You may know that sumo is national game of Japan, but you would not know why it is so. Going out to see sumo helps to find out an answer. It also offers an opportunity to understand Japanese attitude towards foreigners.
There was the 37th Grand Sumo Tournament on February 10th at Kokugikan in Tokyo. Unlike regular matches, results of this tournament don’t count towards rikishis’ (wrestlers) ranks. Its main aim is to make sumo popular. The place played an important role for sumo to become Japan’s national game in the Meiji era when Japan was rapidly turning into a modern society. Kokugi literally means national game.
At the centre of Kokugikan is dohyo (the sumo ring) (pictured below). It distinguishes Japanese sumo from other countries’. The sumo ring used to be square in Japan, but it became as it is in the Edo era because one prominent family established itself as a leader in sumo, whose ring was round. One way to win the game is to get an opponent out of the ring. So Japanese rikishis push each other, which is a peculiar way of playing. Japanese fans become excited when one rikishi pushes back hard against the other on the brink of defeat.

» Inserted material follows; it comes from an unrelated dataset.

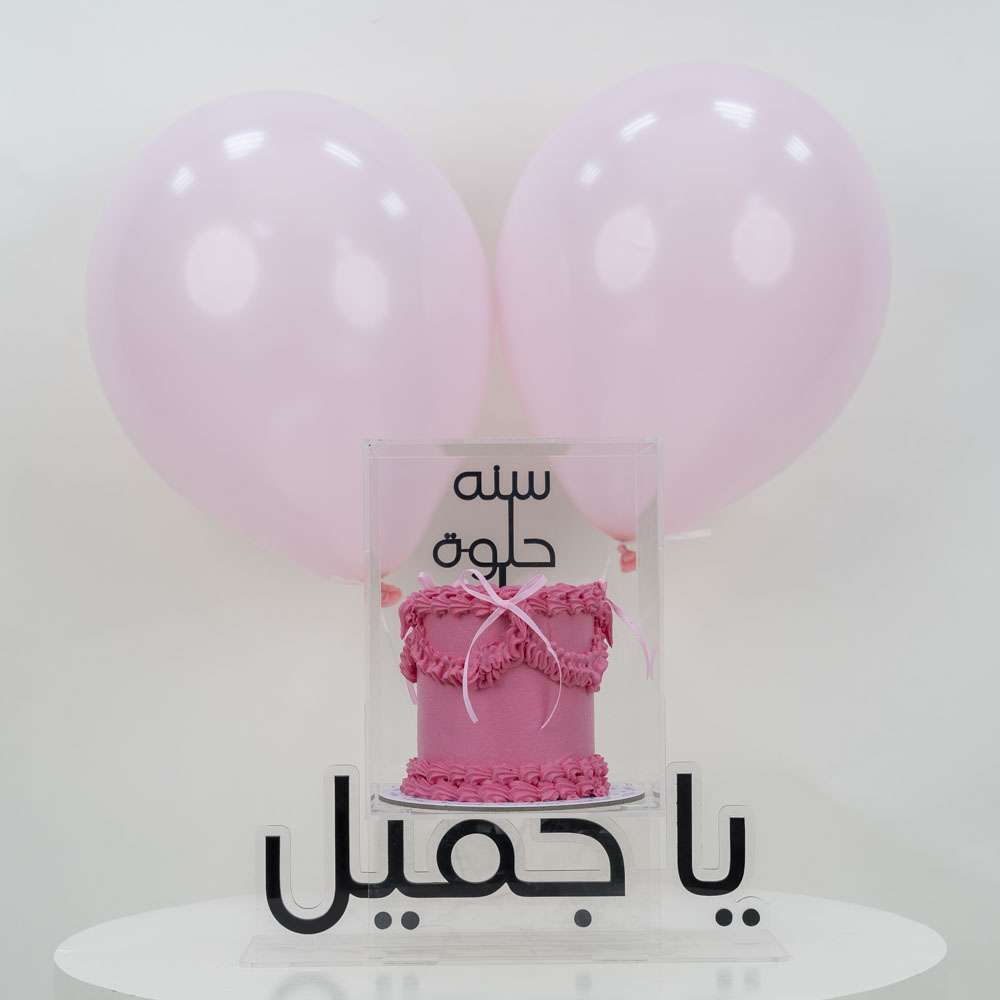 A 4-inch chocolate cake that comes in an acrylic tray with balloons.

There are many ambitious foreign rikishis today from places such as Mongol and Eastern Europe. But, in the opposite to the rise of foreign rikishis, Japanese ones don’t become Yokozuna (champion) for a long time. The disappearance of local heroes resulted in the decrease of local sumo fans.
But that does not mean the loss of local culture. Politeness is important. On the ring riskishis greet in a unique way to show respects to each other before the game, which is like a ritual. Unlike modern sports, sumo is about self-development rather than results. To grow their minds, rikishis need others. In other words, it is spiritual. Even when one rikishi wins, he is not supposed to show his feelings because it is disrespectful to the other. Kakuryu, who won the tournament, is a Mongolian, but he showed that he understood this code of moral conduct.
If rikishis are polite and respectful to sumo, Japanese fans don’t care where they are from. This is striking as racism is still a problem in European football: there is no violence in Kokugikan; nor is racial abuse either; fans say their favourite rikishis’ names loudly during the game; and some of them enjoy talking with foreign tourists. Along with men, there are many women and children, too (Although there is still a nasty sexual discrimination in sumo because of religious matters, women are historically important in developing the game).
It seems that sumo grows Japanese identity among fans. Seeing it makes them feel who they are. After seeing an exciting match, a local man said, “after all, I knew I like sumo”. Welcome to Japan.